Ensuring an adequate airway and preventing hypoxia — low oxygen levels in the tissues and brain — is the primary objective in the management of status epilepticus in children. Convulsions may interrupt the brain's control of respiration resulting in apnea, or failure to breathe. The uninterrupted muscular tension requires additional oxygen than in a resting state while decreasing blood flow to the skeletal muscles. Infants and children are administered oxygen to prevent hypoxia either by oxygen cannula tubing, an oxygen face mask or insertion of a breathing tube for assisted ventilation. The amount of oxygen in the blood is measured by a pulse oximeter during the patient's first evaluation and during transportation to the hospital.

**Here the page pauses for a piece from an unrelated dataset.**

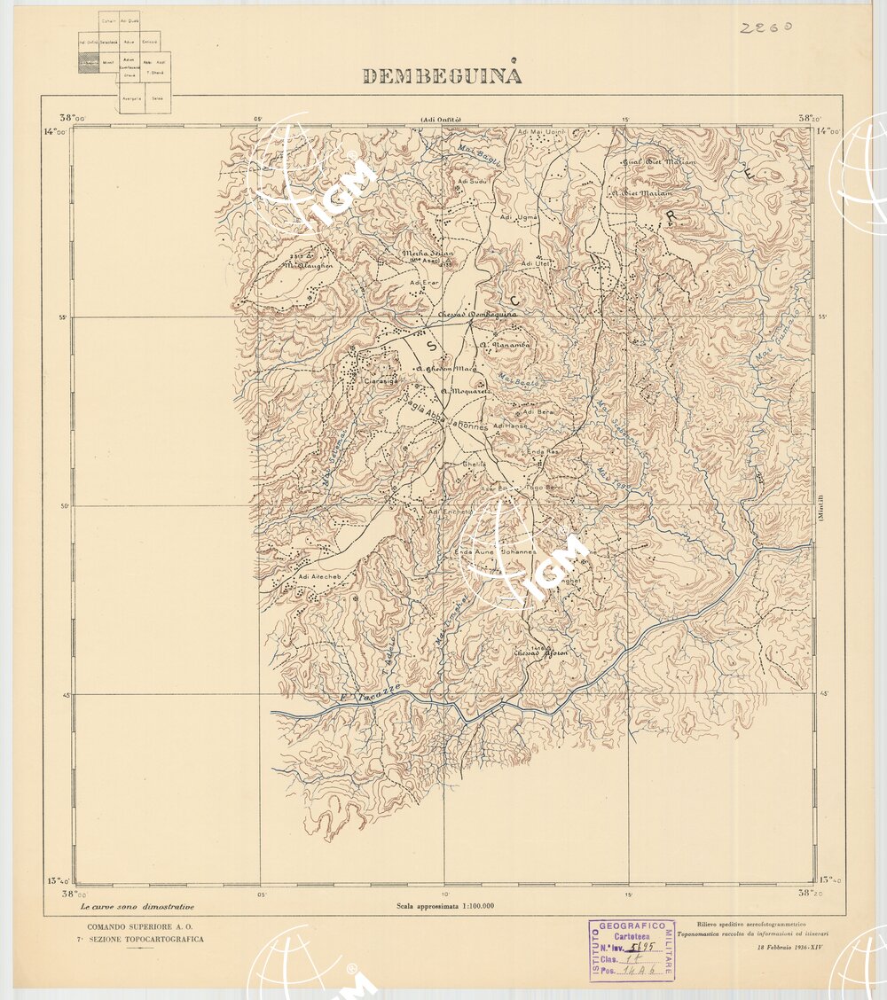 | Titolo proprio | CARTA DELL'AFRICA ORIENTALE ITALIANA – Dembeguinà |

The second major goal in the management of status epilepticus in children is to interrupt the seizure activity. This is best accomplished by intravenous (IV) administration of a benzodiazepine with the dosage based upon the child's weight. In circumstances where the seizure activity will make establishment of a patent IV site difficult, a rectal suppository can provide an immediate dose of a benzodiazepine for this medication’s anti-seizure action. IV access, however, remains a primary goal for IV administration of medications for quicker systemic effects. Any necessary fluids and blood work for laboratory tests can also be administered or withdrawn from this site.

Establishing the reason for the convulsions is another important aspect in the management of status epilepticus in children. Metabolic disorders, electrolyte imbalances and glucose levels outside of levels considered normal can all cause status epilepticus in children well before the condition would affect adults. Anticonvulsants will also be administered as an electroencephalogram (EEG) indicates resolution of the seizure. Finally, treatment in a pediatric intensive care unit (PICU) will be directed toward determining the cause of the seizure.